Великопостная вечеря
— Зовите меня Эрик, — неизменно заявлял он вместо приветствия, входя в маленький бар, который в это время года отапливался только камином, и все доброжелательно улыбались ему, а кое-кто даже делал приглашающий жест рукой: присаживайся, мол, к нам. Эрик, в общем-то, был неплохим мужиком, и — несмотря на все чудачества — его любили. Но поначалу, пока не выпьет свою норму, он выглядел мрачным и сидел в самом холодном углу, подальше от камина. Эрик и не нуждался в его тепле — закаленный здоровяк, он согревал себя сам.
— Остров… — заказывая первую огромную кружку пива, вздыхал Эрик — для затравки, словно бы ни к кому не обращаясь, но так, чтобы все слышали, явно провоцируя публику. — До чего же убог здешний разум. Жопа мира.
Окружающие вряд ли догадывались, о чем он, но понимающе гоготали.
— Эй, Эрик, когда на китобойное судно? — громко интересовались они, багровея от тепла и выпивки.
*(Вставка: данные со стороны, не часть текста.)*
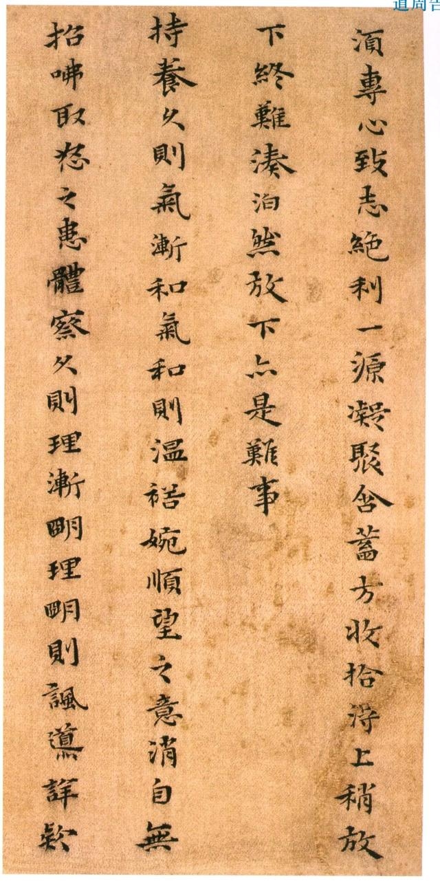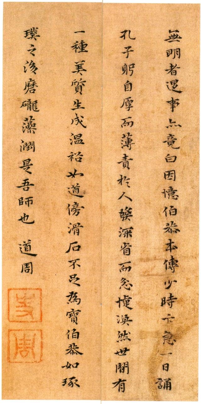 黃道周善楷、行、草諸體書(shū),又工隸書(shū)。他的楷書(shū),如《孝經(jīng)卷》、《張溥墓志銘》,字體方整近扁,筆法健勁,風(fēng)格古拙質(zhì)樸,十分類(lèi)似鐘繇楷法。不同處是,鐘書(shū)于古拙中顯得渾厚,黃書(shū)則見(jiàn)清健,可以看到其受王羲之楷法的影響。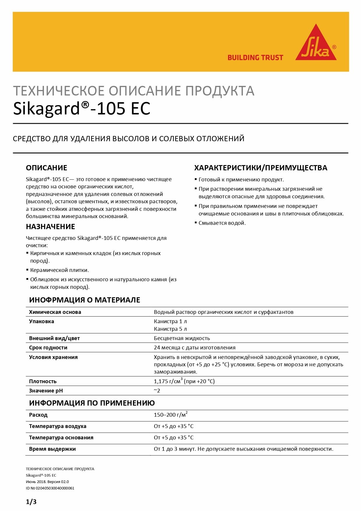 Купить Очиститель фасадов и тротуарной плитки Sikagard-105 EC, 5 л с доставкой по всей России. Очиститель фасадов и тротуарной плитки Sikagard-105 EC, 5 л: сравнение цен, характеристики, фото, актуальное наличие и цены.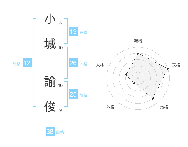 小城 諭俊さんを姓名の画数から五運を鑑定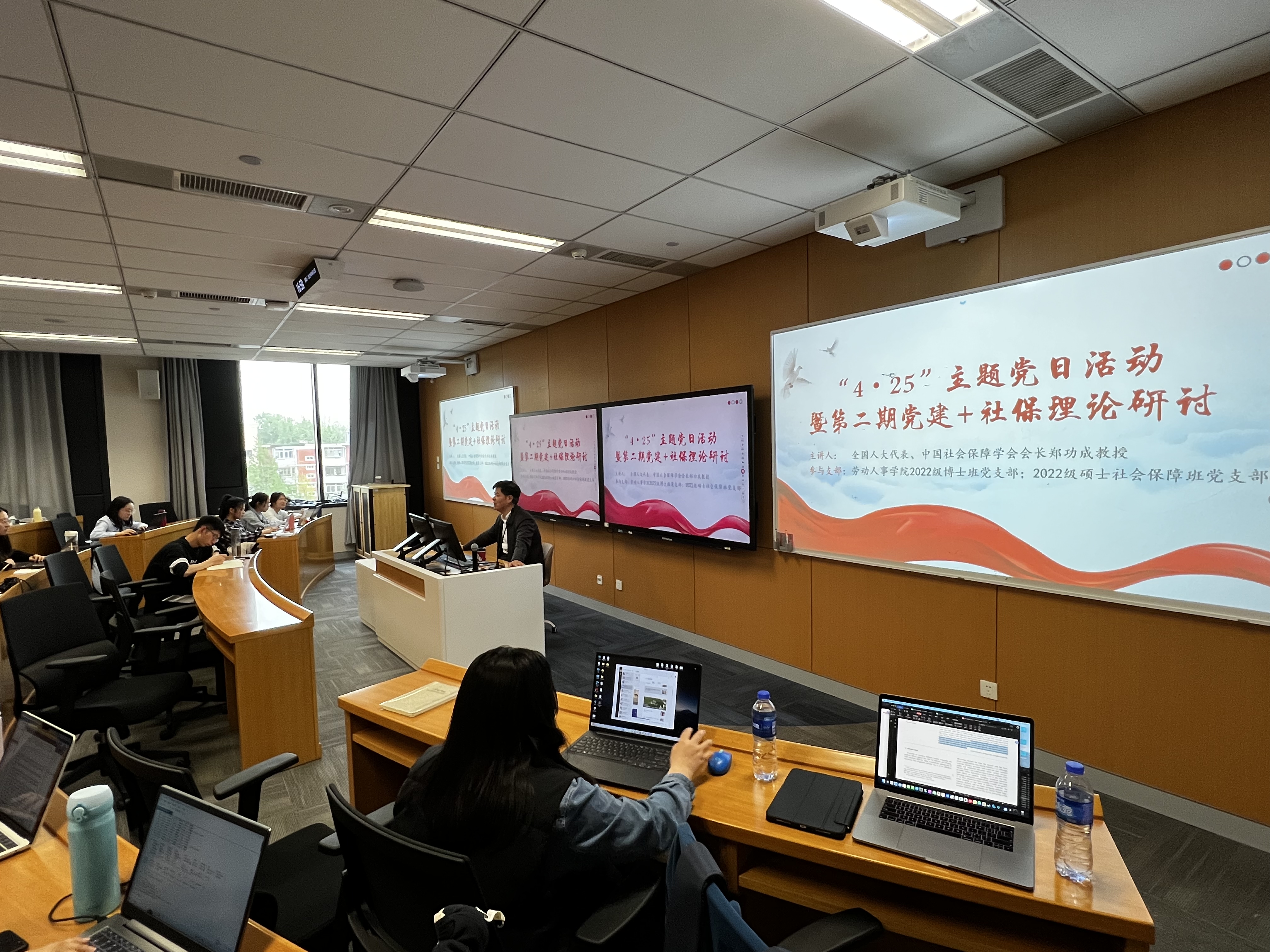 在交流环节,2022级博士班党支部成员提出了社会保障公平效率价值取向、养老保险缴费年限、延迟退休、老年贫困等方面的问题;2022级硕士社会保障班党支部成员提出了基层医疗资源分配不均衡、医保支付方式改革、养老服务、慈善医疗等两会中热议的社会保障问题。

В ответ Эрик разражался витиеватым ругательством (высокая поэзия, никто не мог с ним сравниться) — это входило в ежевечерний ритуал. Ибо каждый день плыл, точно паром на тросах, от одного берега к другому, каждый раз минуя по дороге одни и те же красные буйки, призванные лишить воду ее монополии на бесконечность, сделать измеримой, то есть создать иллюзию подконтрольности.
После очередной кружки Эрик уже был готов присоединиться к прочей публике — так обычно и случалось, — но в последнее время чем больше он пил, тем мрачнее становился. Сидел с саркастической ухмылкой. Не травил свои байки про дальние морские путешествия — те, кто знал его давно, мог убедиться, что Эрик никогда не повторяется или, во всяком случае, всякий раз украшает истории новыми подробностями. Но теперь он рассказывал все реже и только допекал других. Эрик Злобный…
Бывало, накатит на него, и он делался так несносен, что приходилось вмешиваться Хендрику, хозяину этого маленького бара.
— Эй вы, команда, — орал Эрик, тыча во всех пальцем. — Слушайте все! О Бог! Плыть с такой командой дикарей, почти не перенявших человеческих черт от смертных своих матерей. Ублюдки, порожденные свирепой морской пучиной! О жизнь! Вот в такой час, когда душа повержена и угнетена познанием, каким питают ее дикие, грубые явления, — в такой час, о жизнь, начинаю я чувствовать в тебе сокровенный ужас! Но он чужд мне! Этот ужас вне меня!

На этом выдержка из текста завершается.